Eine diagnostische bzw. operative Laparoskopie mit Prüfung der Tubendurchgängigkeit sollte mit der Patientin im Gesamtkonzept der Behandlung frühzeitig besprochen werden. |
THERAPIE
Nach heutigem Wissensstand sind die Ursachen der Endometrioseentstehung vielfältig. Und je mehr die Medizin über diese Krankheit weiß, desto differenzierter wird auch deren Behandlung.
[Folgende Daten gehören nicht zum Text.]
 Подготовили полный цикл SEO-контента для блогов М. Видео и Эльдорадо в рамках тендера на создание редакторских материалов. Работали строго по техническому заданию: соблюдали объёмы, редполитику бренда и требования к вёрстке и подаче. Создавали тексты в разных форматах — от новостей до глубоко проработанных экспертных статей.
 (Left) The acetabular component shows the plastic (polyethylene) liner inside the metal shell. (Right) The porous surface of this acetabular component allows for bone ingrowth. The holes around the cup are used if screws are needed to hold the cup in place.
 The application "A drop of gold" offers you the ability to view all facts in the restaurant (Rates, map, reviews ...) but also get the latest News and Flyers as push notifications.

Das Therapiekonzept von Patientinnen mit Endometriose ist immer ein individuelles Konzept.
Dabei müssen zum einen die Beschwerdesymptomatik, die Chronizität, die persönlichen Lebensumstände, die Lokalisation und der Schwere- und Aktivitätsgrad der Erkrankung berücksichtigt werden. Das Ziel ist die Lebensqualität der Betroffenen zu erhöhen.
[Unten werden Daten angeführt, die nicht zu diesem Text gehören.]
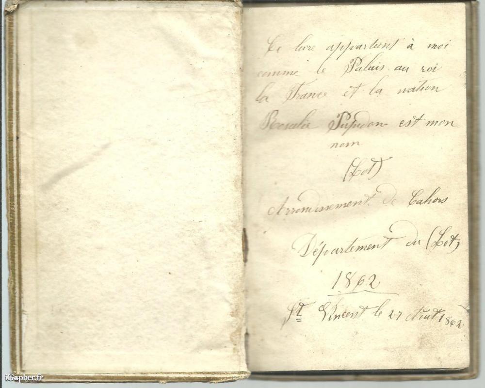 Etat du livre : intérieur en bon état, quelques petites coupures sur le rebord des pages une annotation écrite en 1862 sur toute une pages. La couverture passée, usagée. L'image insérée en plein milieu n'est pas nette et quelques petits manques ou coupures également.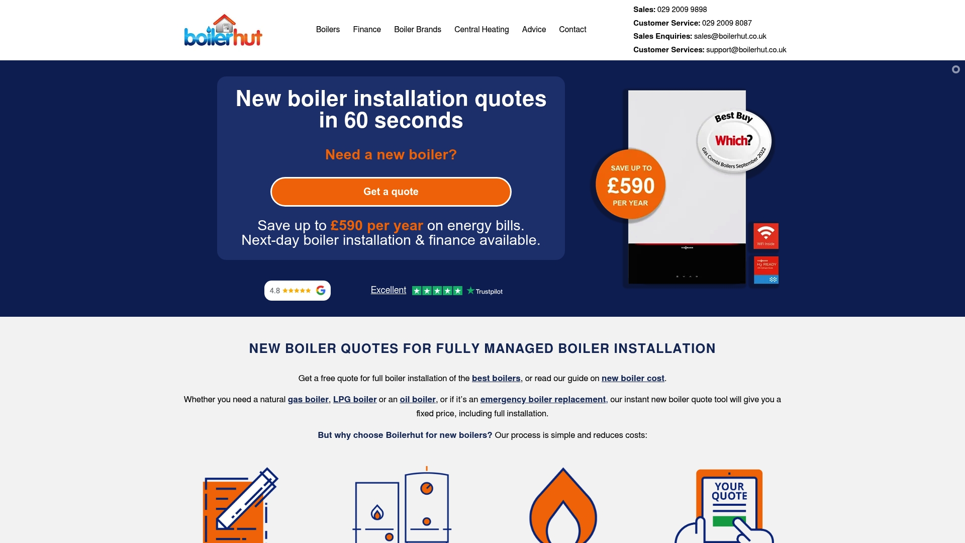 | Boilerhut | Instant online quotes, wide boiler brand selection, certified engineers | Quick quotes, high-quality brands, significant post-installation support | Limited to the UK, specific pricing varies by location | Pricing available via online quoting tool, with finance options available |

Die Therapie gliedert sich in:
- medikamentöse Therapieansätze,
- komplementäre Behandlungsmaßnahmen
- chirurgische Behandlungsformen.
Endokrine Therapie
Ziele der systemischen hormonellen Therapie sind:
- Verkleinerung von Endometrioseherden ,
- Schmerzreduktion sowie
- Reduktion der Rezidivrate.
Der Wirkmechanismus der endokrinen Therapieansätze basiert zumeist in der antiöstrogenen Wirkung auf das Endometrium, die zu einer sekretorischen Umwandlung und Dezidualisierung des proliferierten Endometriums, gefolgt von der Atrophie des Endometriosegewebes, führen soll.w
Chirurgische Therapie
Die Endometriose ist ein gutes Beispiel dafür, wie sich Hormonbehandlung und Operation einander ergänzen können. Reicht die Therapie mit den konservativen Massnahmen nicht aus, wird der Arzt die operative Therapie Optionen in Erwägung ziehen müssen. In den meisten Fällen kann dies schon während der diagnostischen Laparoskopie geschehen, weil durch die Schlüssellochchirurgie die Diagnose erstellt und sofort die Behandlung in Angriff genommen werden kann.
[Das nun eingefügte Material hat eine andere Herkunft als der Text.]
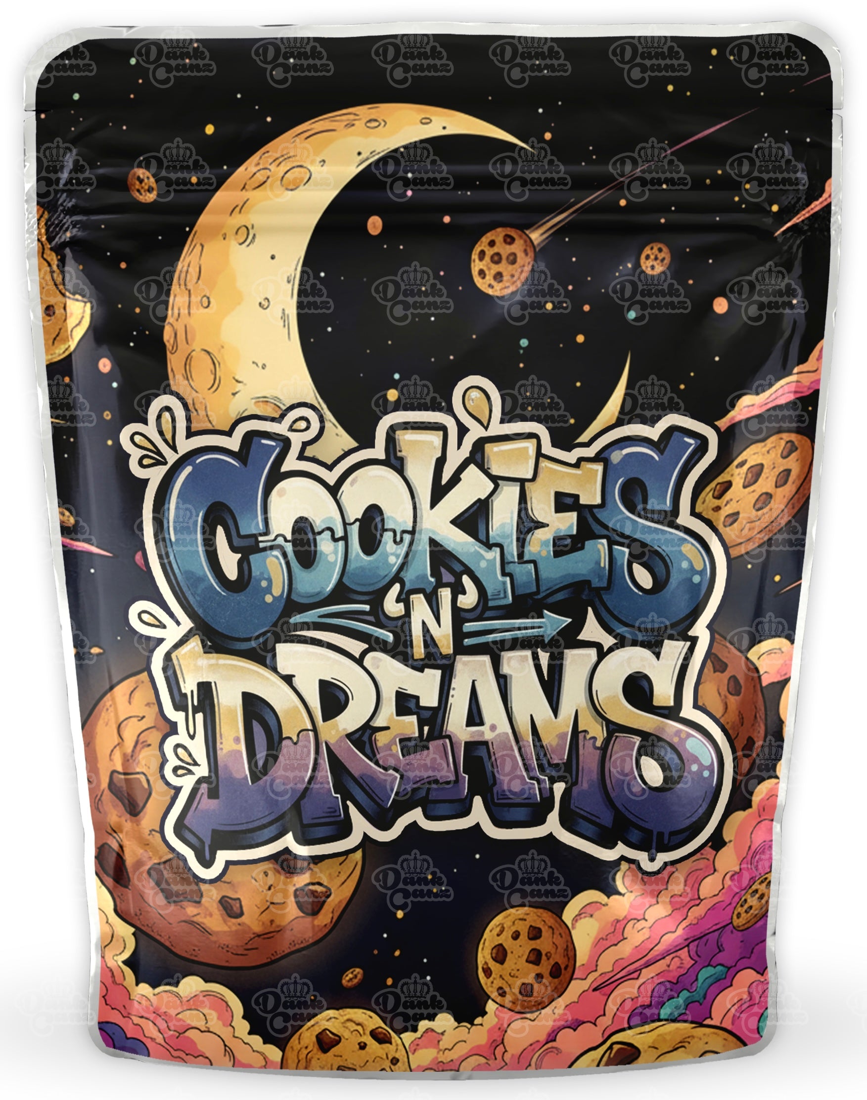 Need Cookies & Dreams packaging quick? Pre designed stand up Mylar Pouches are a perfect packaging solution and come pre-labelled (sticker applied to bag). With hundreds of designs to choose from & fast delivery our cali packz are one of our best sellers!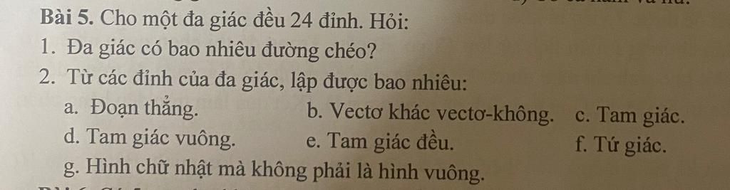 1,2a,số đỉnh của đa giác là 24 nên khi ta lấy 2 điểm bất kỳ để vẽ đường thẳng thì ta tạo đc 24!/2!22!=276 đường thẳng mà số đường thẳng đó = số đường chéo + cạnh của đa giác nên số đường chéo là 276-24=252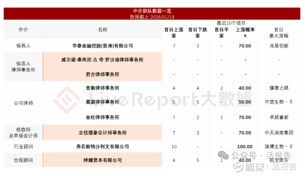 据LiveReport大数据统计,拓斯达中介团队共计9家,其中保荐人1家,近10家保荐项目数据表现普通;公司律师共计3家,综合项目数据表现有待加强。整体而言中介团队历史数据表现中规中矩。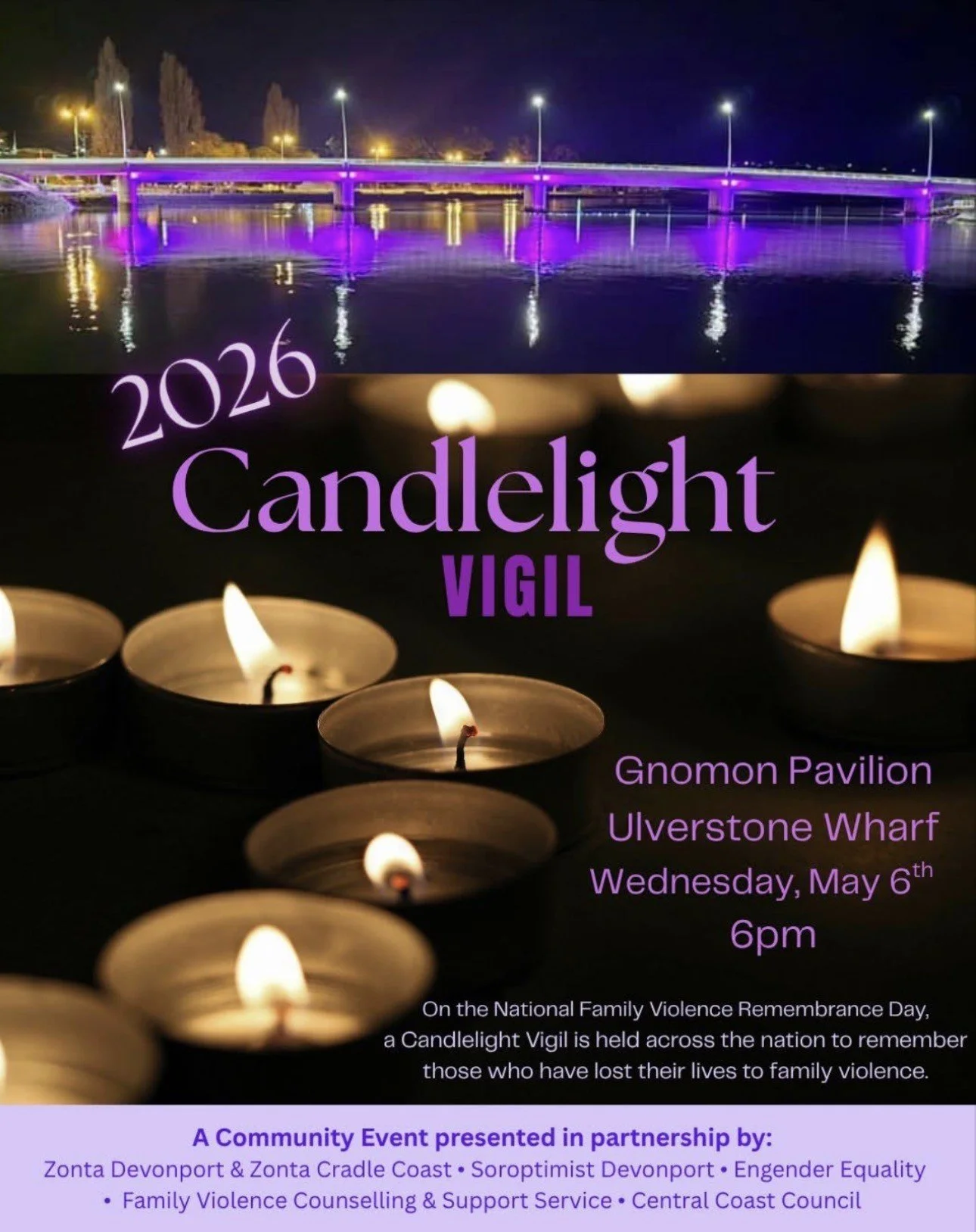 This is a joint community event by Zonta Devonport & Cradle Coast, Soroptimist Devonport, Engender Equality, Family Violence Counselling and Support Service and Central Coast Council.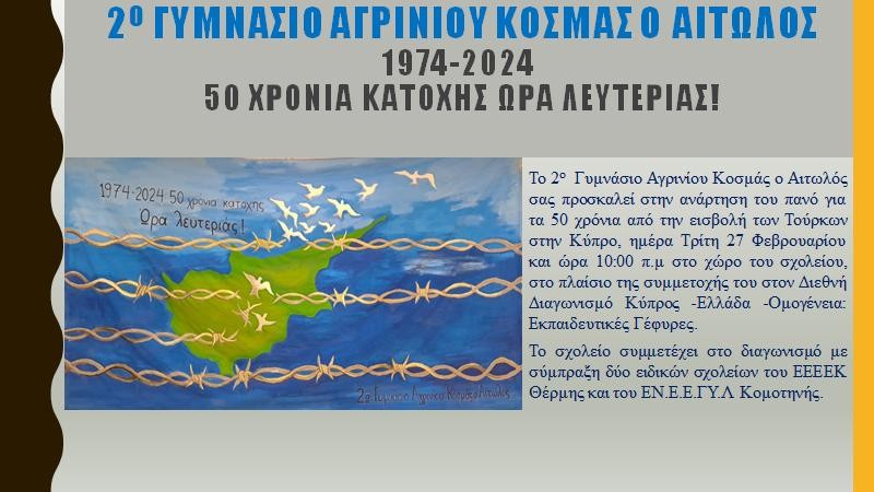 Το 2ο Γυμνάσιο Αγρινίου την Τρίτη, 27 Φεβρουαρίου 2024 και ώρα 10:00 π.μ. στο χώρο του Σχολείου θα πραγματοποιήσει εκδήλωση για τα 50 χρόνια από την τούρκικη εισβολή στην Κύπρο.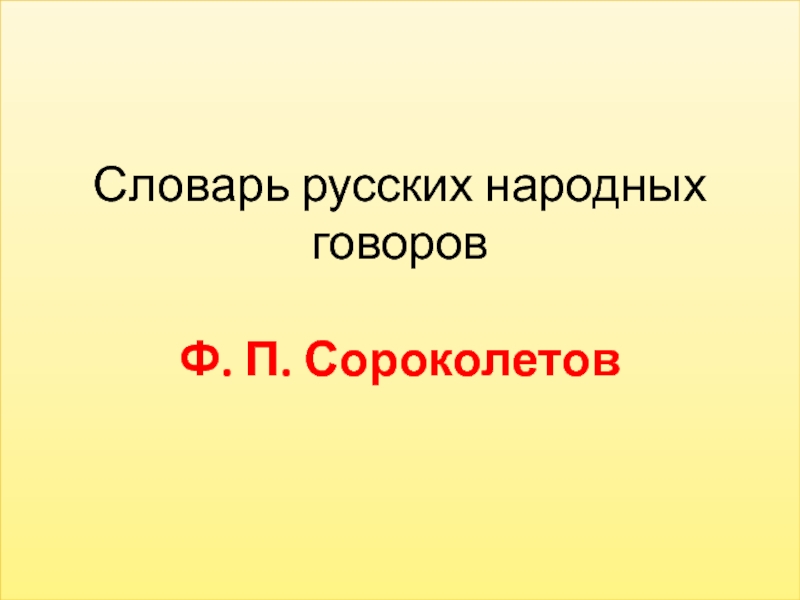 Слайд 19Словарь русских народных говоров Ф. П. Сороколетов

Aus Sicherheitsgründen schließt an eine chirurgische Behandlung eine hormonelle an. Vor allem dann, wenn der Wunsch der Frau nach einem Kind gegeben ist, wird der Erfolg der chirurgisch-hormonellen Therapie nach sechs Monaten durch eine erneute Bauchspiegelung überprüft.
Stellt der Operateur bei der Bauchspiegelung einzelne Herde fest, wird er eine Gewebsprobe entnehmen und sofort histologisch die Diagnose sichern lassen.
Durch die Bauchspiegelung können die Endometrioseherde erkannt und gleichzeitig auch verschorft werden.
Es müssen alle ursprünglich vorhandenen Endometrioseherde beseitigt sein, ansonst kann an eine Schwangerschaft nicht gedacht werden.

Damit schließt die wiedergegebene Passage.